What is being asked: Write again exactly the lines in the listing below, starting at the line with "Libreta con tapas" and ending at the line with "The AEP Calculator", both included. Pictures are not copied.
*** Data Section Begins ***
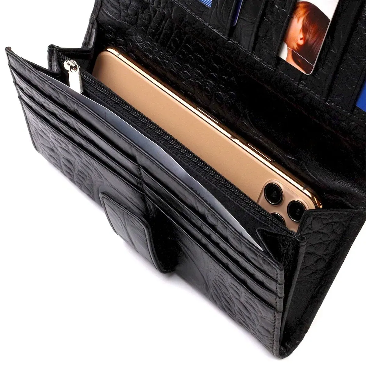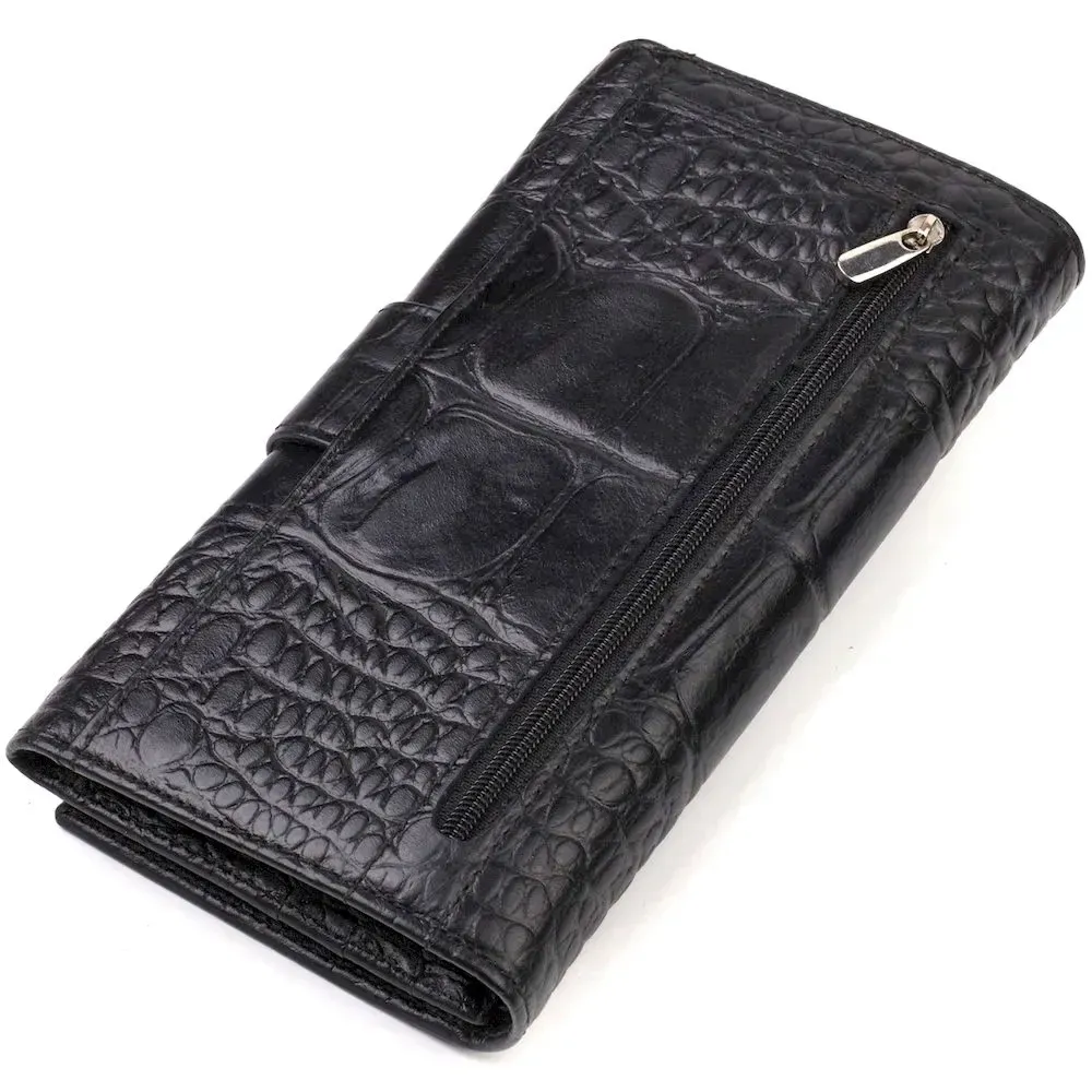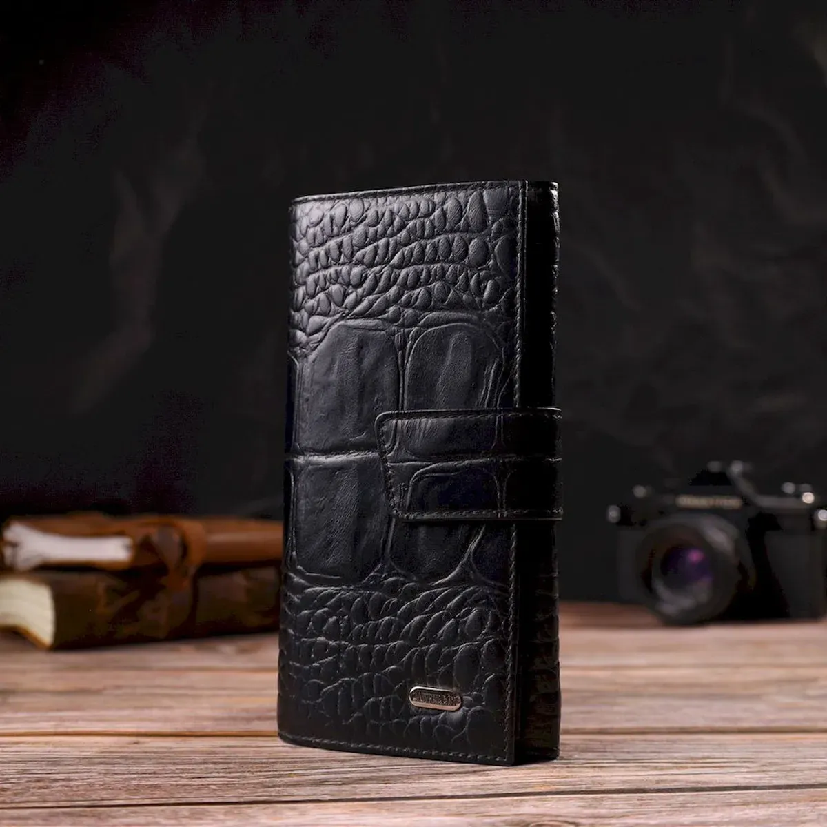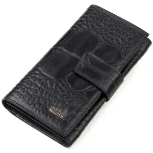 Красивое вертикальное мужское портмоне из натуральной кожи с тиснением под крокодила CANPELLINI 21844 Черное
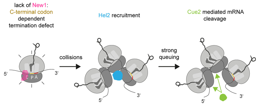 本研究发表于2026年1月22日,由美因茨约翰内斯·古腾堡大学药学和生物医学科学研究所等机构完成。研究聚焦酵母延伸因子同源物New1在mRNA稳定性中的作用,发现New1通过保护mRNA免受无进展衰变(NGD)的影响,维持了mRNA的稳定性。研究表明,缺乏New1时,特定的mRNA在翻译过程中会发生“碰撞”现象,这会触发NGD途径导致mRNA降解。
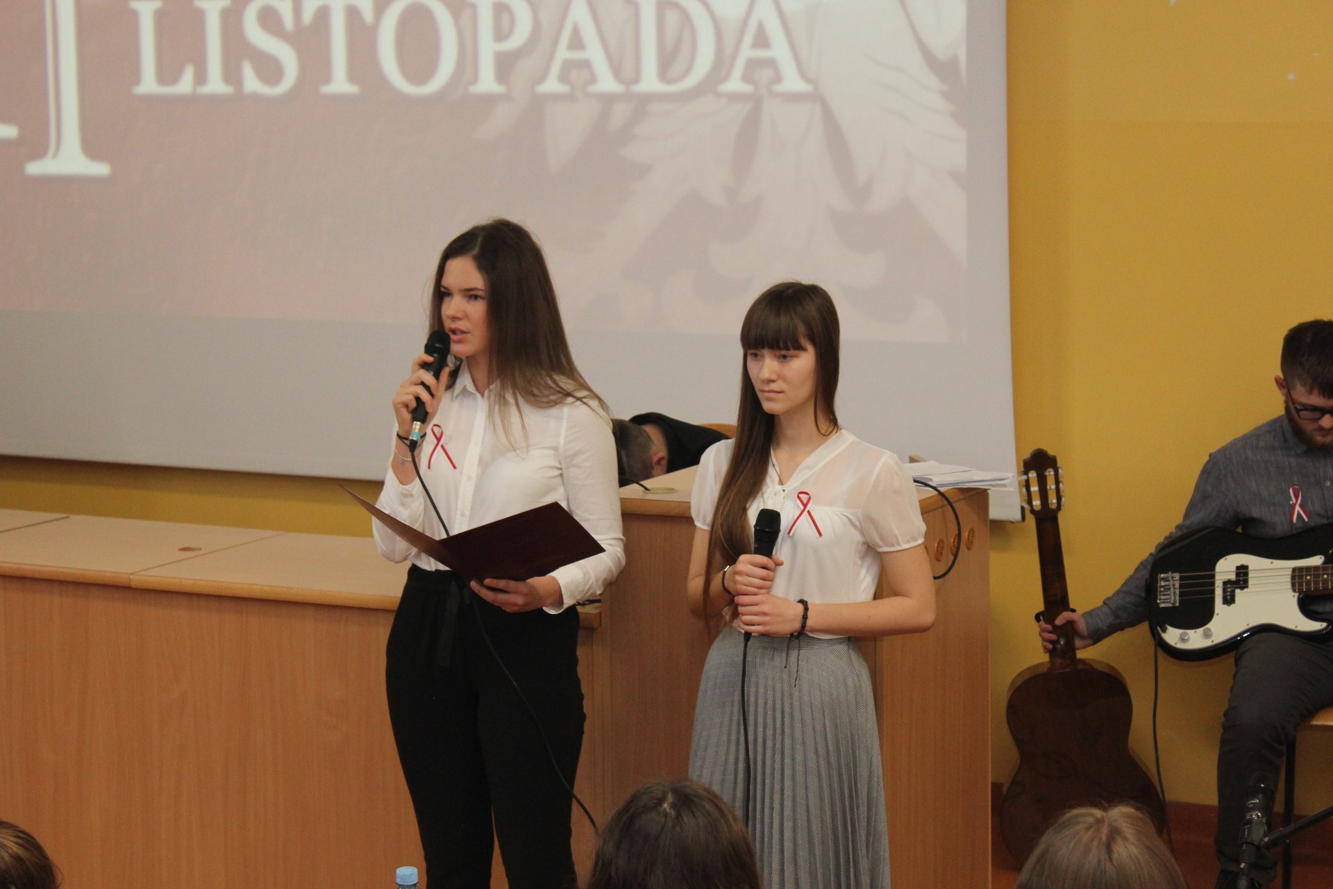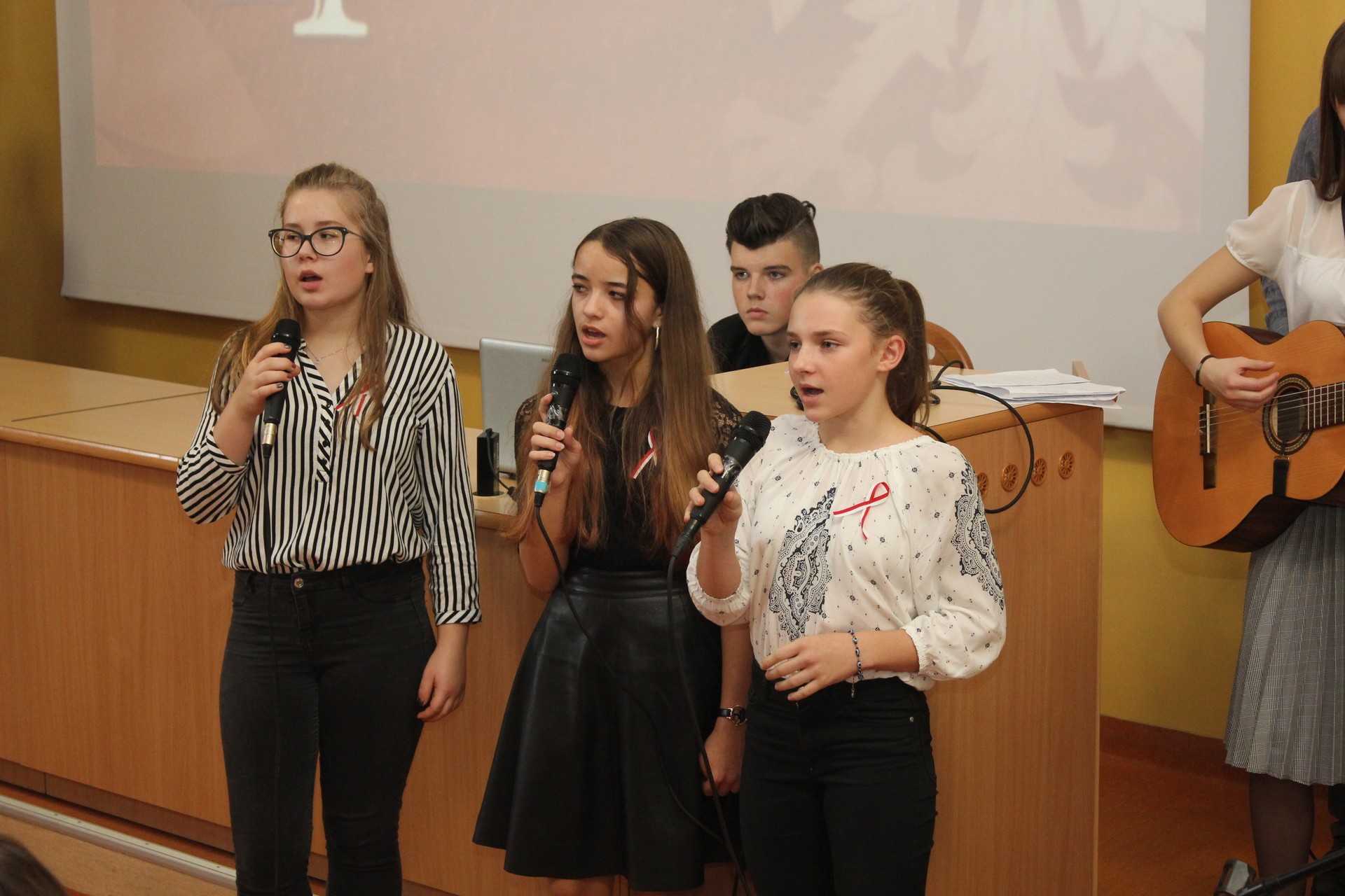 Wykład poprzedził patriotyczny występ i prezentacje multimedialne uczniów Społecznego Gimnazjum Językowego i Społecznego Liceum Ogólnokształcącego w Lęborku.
*** Data Section Ends ***
*** Data Section Begins ***
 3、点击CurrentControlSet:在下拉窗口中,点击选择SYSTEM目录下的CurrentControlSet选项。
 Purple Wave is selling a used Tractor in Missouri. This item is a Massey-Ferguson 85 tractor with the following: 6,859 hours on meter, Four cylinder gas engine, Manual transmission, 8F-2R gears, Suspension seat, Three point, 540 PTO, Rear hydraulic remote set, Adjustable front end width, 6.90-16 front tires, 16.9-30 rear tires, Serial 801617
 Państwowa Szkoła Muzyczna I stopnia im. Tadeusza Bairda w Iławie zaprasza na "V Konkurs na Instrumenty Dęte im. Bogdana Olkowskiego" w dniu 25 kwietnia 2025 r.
*** Data Section Ends ***
*** Data Section Begins ***
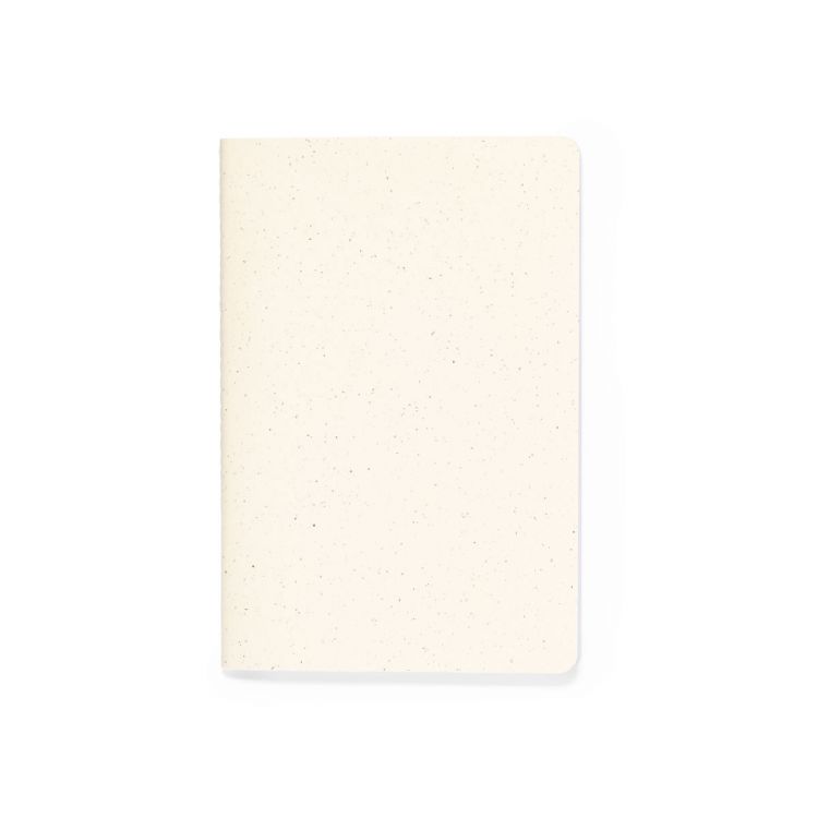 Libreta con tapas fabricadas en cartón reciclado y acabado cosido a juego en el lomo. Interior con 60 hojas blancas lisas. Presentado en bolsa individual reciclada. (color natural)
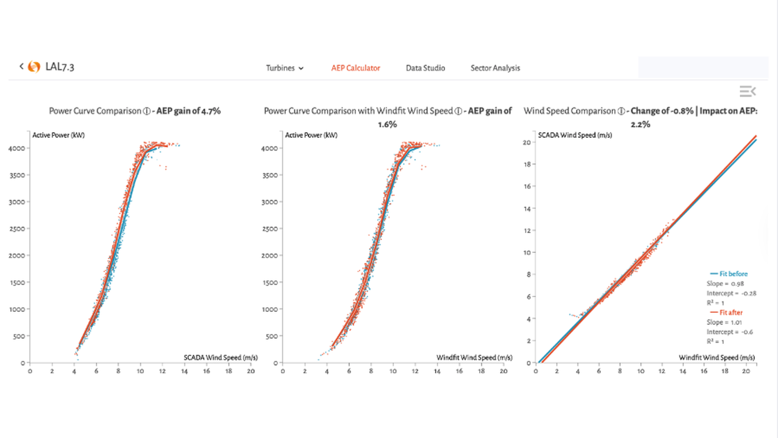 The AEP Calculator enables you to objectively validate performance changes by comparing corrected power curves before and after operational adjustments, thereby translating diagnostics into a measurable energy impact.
*** Data Section Ends ***
Output of the task:
 Libreta con tapas fabricadas en cartón reciclado y acabado cosido a juego en el lomo. Interior con 60 hojas blancas lisas. Presentado en bolsa individual reciclada. (color natural)
 The AEP Calculator enables you to objectively validate performance changes by comparing corrected power curves before and after operational adjustments, thereby translating diagnostics into a measurable energy impact.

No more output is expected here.